Tomó una jeringa, se inoculó la sustancia; le supo a metal en la lengua. El aparato sincronizó la frecuencia de esa vibración temporal, y en las neuronas de Amperio, la superposición de partículas empezó. Pero, maldito el destino, cuando la distorsión fragmentaba su cuerpo, un grupo de narcos, seguidos del “General Tezca”, entró en el laboratorio y descubrió la traición.

Las balas no llegaron a su destino, excepto una, que alcanzó la pierna de Juan. Mas no era proyectil de sicarios, sino de un fusil Remington disparado en Celaya. Su tatarabuelo era un hombre de Carranza, y al desconocerlo Juan, parecía más fácil el matarlo: sanseacabó la existencia. Juan apareció junto a un villista que fue embestido por un negro bridón. La herida le ardió en el muslo, y antes de ser aplastado por la caballería, se echó a una zanja cercana, donde bajo un sombrero ensangrentado lloraba un campesino, aferrado a su canana.

Entre cañonazos y jadeos, escuchó cuernos de chivo: diez comandos acompañaban a su apá. “Puta madre, el rastreador”, gruñó Juan, bajo los mugrientos cascos de los rocines. El General era un cabrón, pero de esos muy sesudos, y sabía que si a Juan dejaba vivo, la droga peligraba. El científico puso fecha, sin pensar en consecuencias; enterró la aguja, oyendo al Tezca vociferando su apellido. Dejó correr la tona hasta que sus huesos aparecieron frente a la pirámide del sol, aunque de titanio era, iluminada por enormes reflectores, y en su falda un escuadrón de guerreros águila preparó sus macuahuitles de grafeno, cuyos filos de plasma iluminaban las hápticas plumas del tocado. Los soldados vieron al doctor aparecer desde el vacío, con las manos extendidas. Un mexica blandió su arma, que se extendía como una serpiente sin fin, pero no alcanzó a Juan sino a un sicario, que se materializó justo cuando el otro ya se iba.
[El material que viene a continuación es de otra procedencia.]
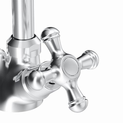 Змішувачі колекцій Retro представляють гармонійний союз ретельно вивіреного дизайну і кращих технологій Damixa. Вироби комплектуються стильними вентильними ручками, які стануть центром уваги у вашій ванній кімнаті. Продукти мають досконалу технічну базу: керамічні кран-букси, ручки з поворотом на 180 °, преміальні матеріали.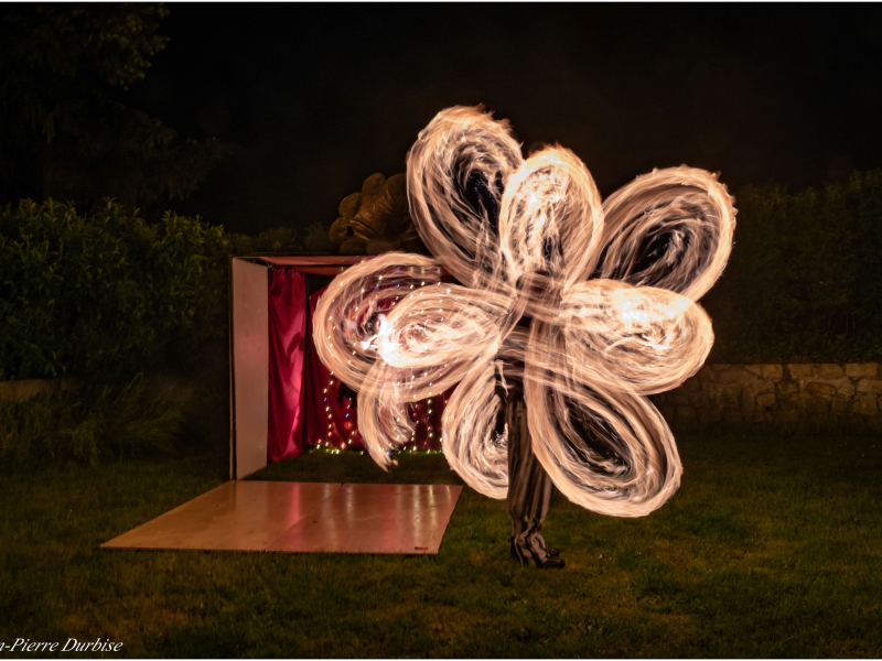 Spectacle de feu À la nuit tombée, venez découvrir notre spectacle de feu !Nous manipulons de nombreux agrès enflammés : mains de feu, bolas, bâtons, cerceau, éventails, ombrelle, ... Divers tableaux se... Par Alchimera

Al toque de un holográfico caracol, los hombres del General sufrieron la masacre. El apá fue el último en morir. Mil cuatrocientos años atrás, el cártel fue exterminado.

En la ribera del tiempo, Juan temblaba. Era la sobredosis que venía. Su cuerpo fue abriéndose entre espirales y memorias: vio Tenochtitlán celebrando el sacrifico de Cortés, la Decena Victoriosa, esvásticas ondeando en Palacio Nacional, y gigantes construyendo el Templo de la cruz.

Cuentan que retrocedió hasta convertirse en el mismo Quetzalcóatl; otros aseguran que regresó para matar a su tatarabuelo y nunca hubo Juan ni tona. Lo cierto es que lo vieron en todas las historias: asesinó a Villa, se proclamó emperador, fue amante de Nahui Olin sin dejarla caer en la locura.

Ya con esto me despido, apreciados terrenales: sepan que la riqueza radica en lo finito de la vida, y que como Juan nos enseñó: la salvación está en la huida.